Ships and airliners are often at level 3, and spacecraft are almost always at level 5.
 
If self driving turns to short buses, screw that. Burn them. I don't ride on a bus now because random people suck ass.

Some rando in an automated bus is no different than some weird fuck on a city bus.
 
If self driving turns to short buses, screw that. Burn them. I don't ride on a bus now because random people suck ass.

Some rando in an automated bus is no different than some weird fuck on a city bus.
Yeah, a big part of the driver's job has to do with non-driving tasks, including ejecting passengers who are causing problems for other passengers.

A self-driving bus would be a nightmare for the old guy on my 174 this afternoon. He stayed seated when we got to the last stop, so I asked him where he was trying to get to, and it was a totally different route in the opposite direction.

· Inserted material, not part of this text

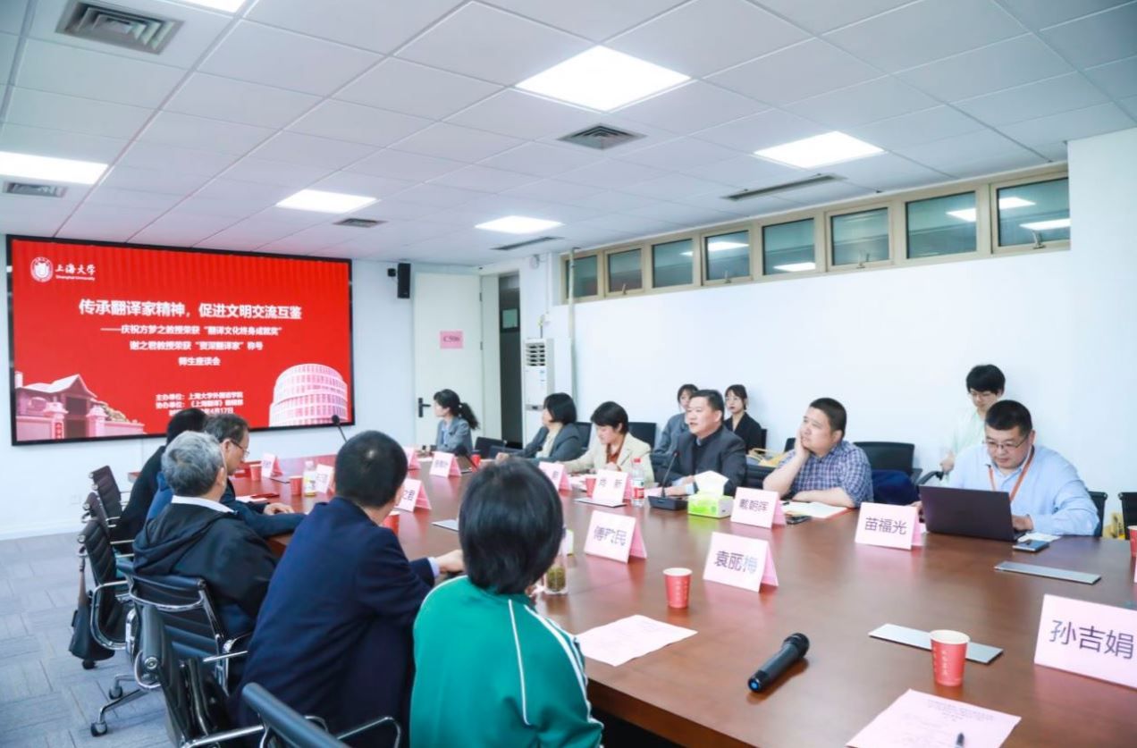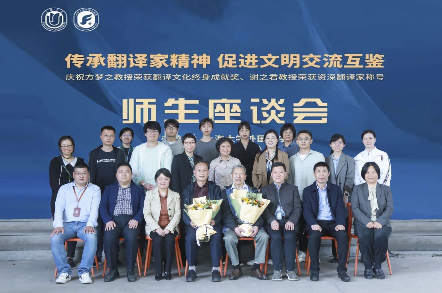 2023年4月17日下午,为庆祝方梦之教授荣获中国翻译协会“翻译文化终身成就奖”、谢之君教授荣获“资深翻译家”称号,题为“传承翻译家精神,促进文明交流互鉴”的师生座谈会在校本部C506成功举办。本次活动由sunbet院长尚新教授主持,sunbet党委书记吴蔚、《上海翻译》主编傅敬民教授等多名sunbet领导和《上海翻译》编辑部成员,以及青年员工代表和员工代表出席活动。

I was able to coordinate with another service that was going to his intended destination, met up with them where our routes crossed, and got him to where he wanted to go.

I can't imagine a self-driving bus doing anything for him beyond repeating "Last stop. Please exit the vehicle."

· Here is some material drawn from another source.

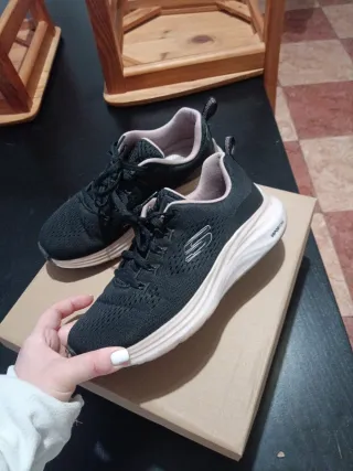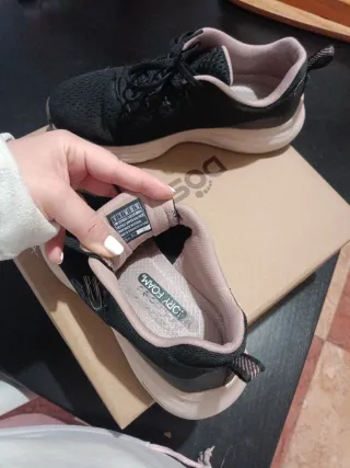 Zapatillas deportivas Skechers en color negro con detalles en rosa. - Diseño moderno y ligero. - Cierre con cordones. - Suela de goma para mayor agarre. - Plantilla memory foam Talla 36, 23 cm de largo. Precio no negociable.

I can't imagine such a bus getting out of the bus to assist a mother with loading a pram; Guiding a blind passenger to board; or helping a wheelchair passenger. All of which are routine parts of the job.
 
Self-driving vehicles work up to the point where a dangerous situation occurs that requires actual intelligence to deal with. Unruly bus passengers are an excellent example wrt public transportation. Another example was a recent post I saw locally in which someone driving a Tesla found his vehicle kept pulling him into oncoming traffic. Apparently, the yellow stripe in the middle of the road had been covered with black during road resurfacing and was yet to be restored. The vehicle lost its ability to keep in its lane, and the driver had to fight with the car to avoid an accident. He had put it in self-drive mode and apparently let his mind wander before the car started wandering.